Find (a) the radius of convergence, and (b) the first six Euler numbers $\displaystyle E_n$ from:

$\displaystyle \frac1{\cosh(z)}=\sum_{n=0}^\infty \frac{E_n}{n!}z^n$

I haven't any idea how to start the part (a).

I can't put the finishing touches on part (b):

$\displaystyle \cosh(z) = \frac{e^z+e^{-z}}{2}$

$\displaystyle e^z = \sum_{n=0}^\infty \frac{z^n}{n!}$

$\displaystyle e^{-z} = \sum_{n=0}^\infty \frac{(-1)^n z^n}{n!}$

$\displaystyle e^z+e^{-z} = \sum_{n=0}^\infty \frac{z^n}{n!} + \sum_{n=0}^\infty \frac{(-1)^n z^n}{n!} = \sum_{n=0}^\infty \frac{(2z)^n}{(2n)!}$

So,

$\displaystyle \frac{1}{\cosh(z)} = \frac{2}{2\sum_{n=0}^\infty \frac{(2z)^n}{(2n)!}} = \frac{1}{\sum_{n=0}^\infty \frac{(2z)^n}{(2n)!}}$

However, I can't quite get this to a format where I can get the Euler numbers.

I know I can't flip the bottom fraction since it's an infinite sum. But I only need the first six, yet I still can't do it.

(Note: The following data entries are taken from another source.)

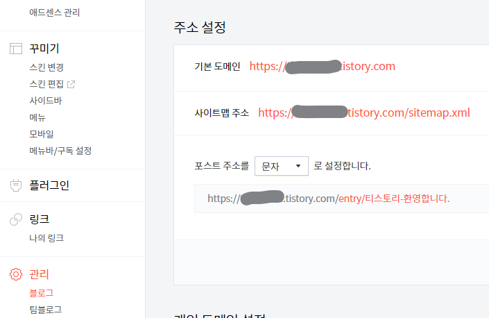 티스토리 주소 설정
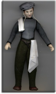 A Tudor serving man dressed simply in dark grey hose, a plain grey doublet edged in black.
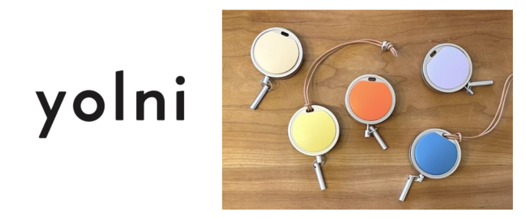 yolni(ヨルニ)はスマートフォンと通信するスマート防犯アクセサリー。いざという時の位置情報通知機能などで夜道に安心を提供します。
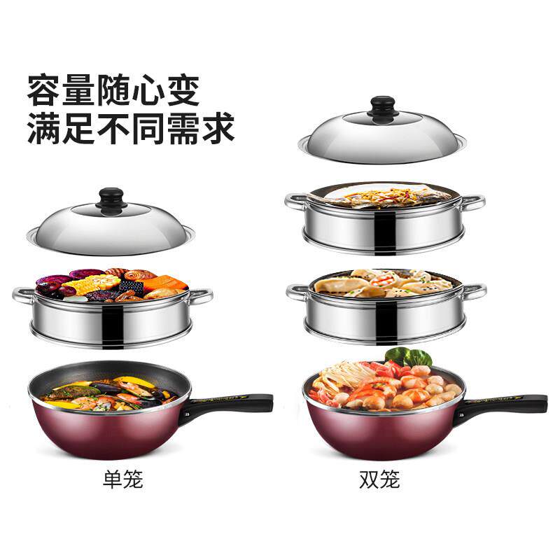 鸿迪定时电蒸锅电锅多功能家用煎炸蒸炒一体锅电蒸笼蒸气锅快煮锅
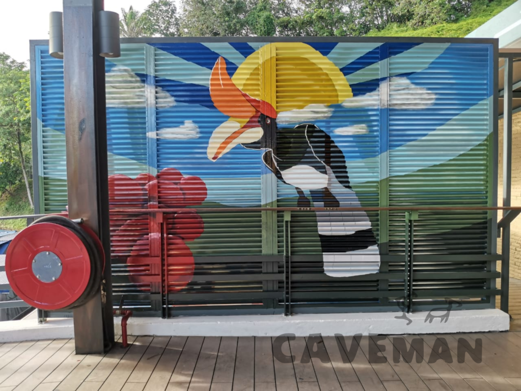 This is our finished works for the large panel. A giant hornbill can be seen picking berries for food above high ground. We selected a bird species due to the campus being next to a forest area that would naturally habitat birds. Red berries are painted to blend with the red fire hose. The column is painted a wooden tree texture to represent a tree figure. A depiction of a hornbill is painted standing on the handrail taking berries. The handrail is also painted with wooden textures to depict it standing on a branch. The effect is more apparent if standing next to the handrail. Even at the bottom, notice how the handrails layer panel is painted to incorporate the hornbill’s tail and the berries. Layers of paint are painted on the background. As you can see, the colours are not able to blend smoothly, and can only be painted as explained above. This is the limitation of stainless steel painting on a stainless steel panel surface using PU Paint.
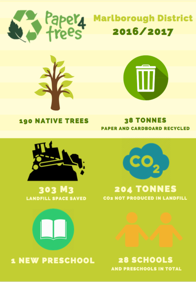 Through the Paper4Trees programme, 190 new native trees were earned in the 2016/2017 year, due to the recycling of 38 tonnes of paper and cardboard! These recycling efforts also saved over 300 m³ of landfill space, and prevented over 200 tonnes of CO2 from being produced in landfill. Since Marlborough joined in 2009, more than 1,300 trees have been earnt, through over 300 tonnes of paper and cardboard recycling. Ka mau te wehi, Marlborough!
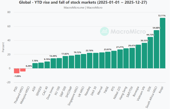 在全球央行掀起 “降息潮”、释放充裕流动性的大背景下,多国股市将 2024 年的涨势延续至 2025 年,在宏观经济与地缘政治冲击频发的一年中成功破浪前行。
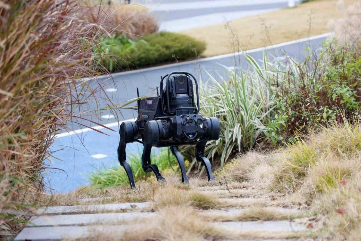 机器狗在不规则草地上开展巡检工作
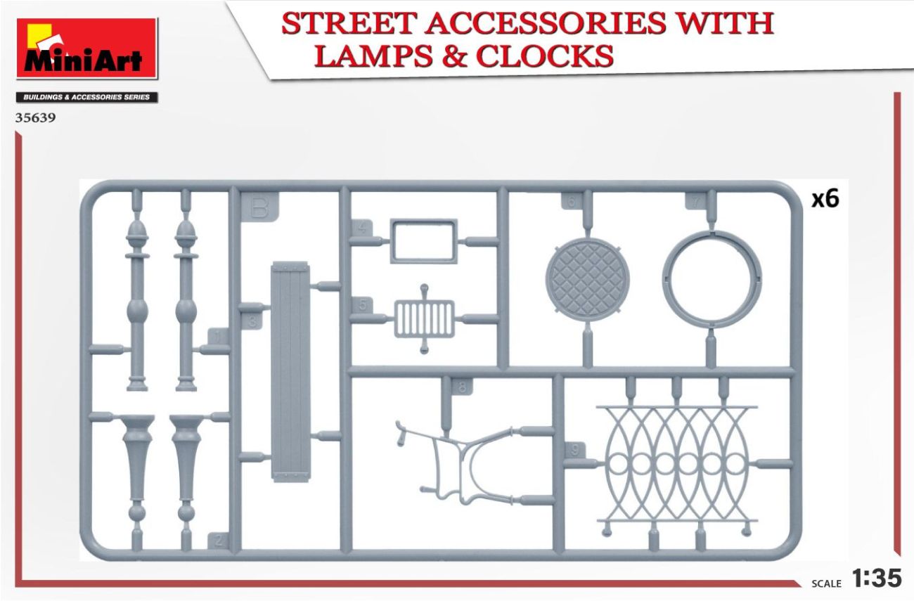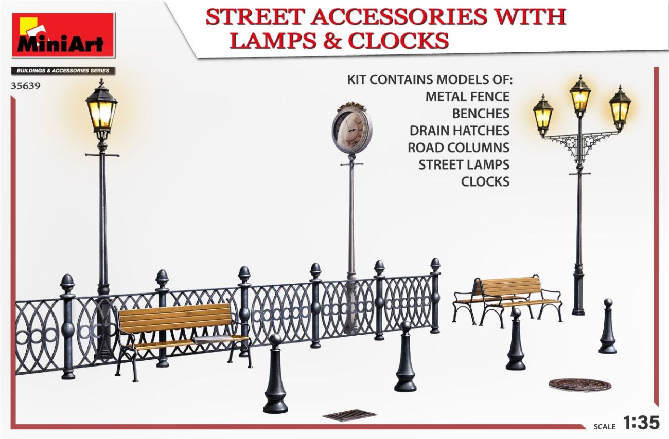 1:35 STREET ACCESSORIES WITH LAMPS & CLOCKS
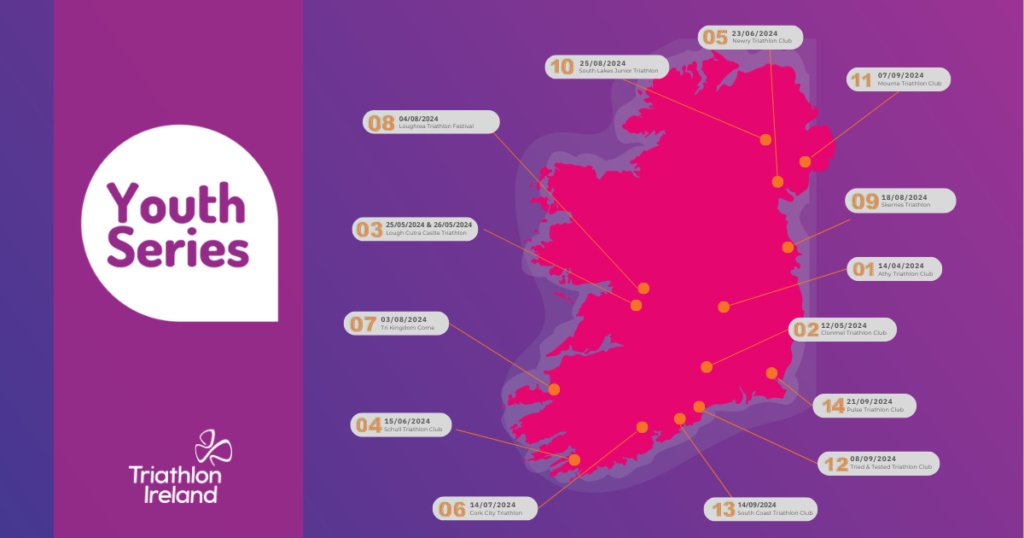 The Youth Series takes in 14 of Ireland’s best triathlons, duathlons and aquathlons for 12-17 year olds.
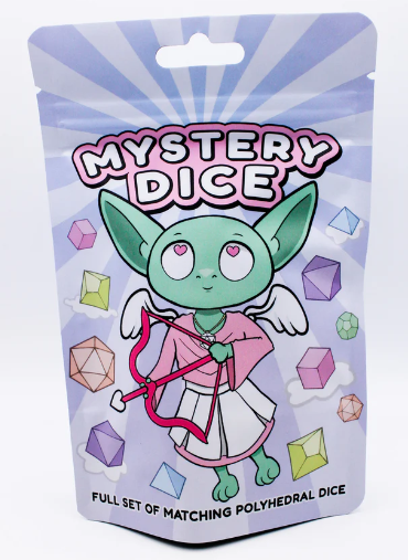 Each Mystery Dice set comes with a matching set of seven resin polyhedral dice (d4, d6, d8, 2d10, d12 & d20)
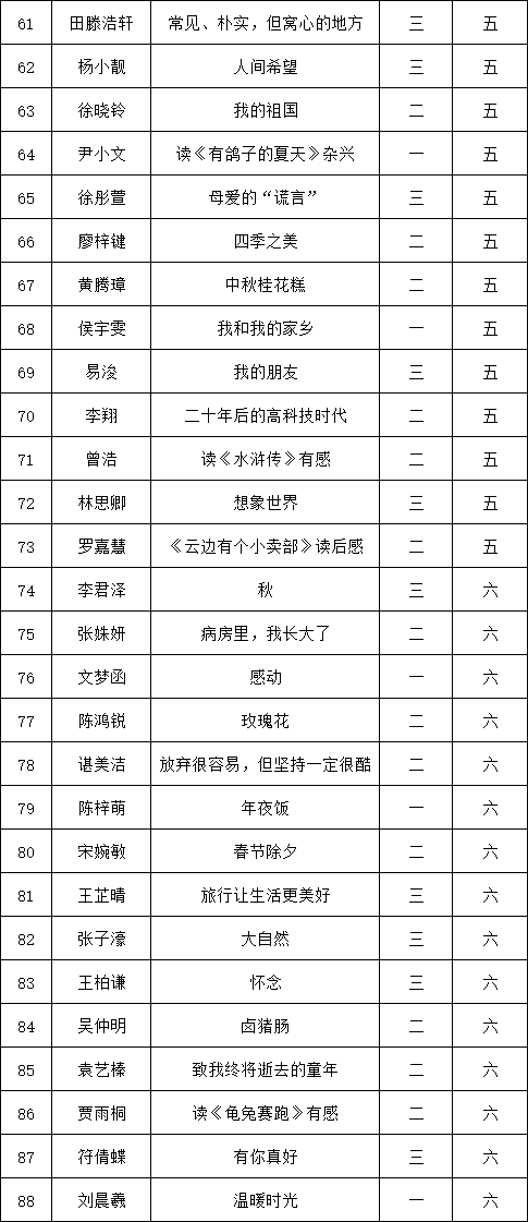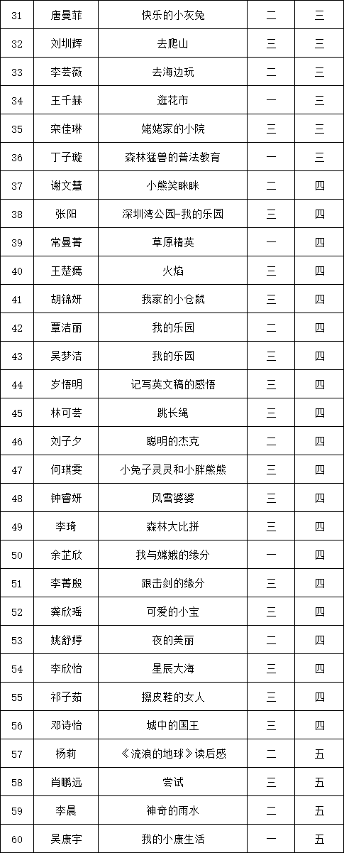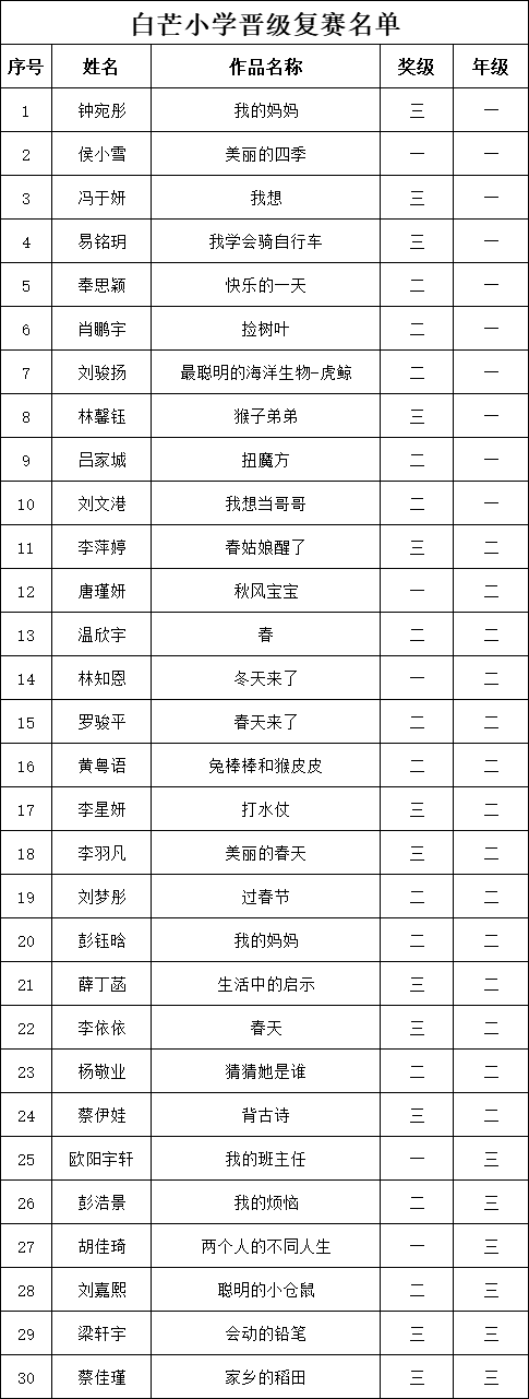 自2021年1月,活動(dòng)征稿啟動(dòng)以來(lái),獲得了深圳市廣大中小學(xué)生、教師、文學(xué)愛(ài)好者的熱烈響應(yīng)積極參與,吸引了深圳百余所學(xué)校的上萬(wàn)人關(guān)注報(bào)名?,F(xiàn)公布深圳市南山實(shí)驗(yàn)教育集團(tuán)白芒小學(xué)專(zhuān)場(chǎng)晉級(jí)復(fù)賽名單如下:

The first one I can do with the first term of the series (right?):

$\displaystyle \frac{1}{\cosh(z)} = \frac{1}{\sum_{n=0}^\infty \frac{z^n}{(2n)!}} = \frac{1}{1}=1$ and $\displaystyle E_0=1$ (so the back of my book says).

The next term, and the one after that, is:

$\displaystyle \frac{1}{\cosh(z)} = \frac{1}{1+z^2/2}=\frac{2}{2+z^2}$

$\displaystyle \frac{1}{\cosh(z)} = \frac{1}{1+z^2/2+z^4/4!}=\frac{24}{24+12z^2+z^4}$

Now what? How do I find the coefficient's of z, z^2, etc. from this?

I'm still working on part (a), so I don't have a specific question yet.

Thanks.

P.S. How do you make a new line in this forum? I tried \\, \\*, and \newline with no success and had to make separate 'math' tags for each line.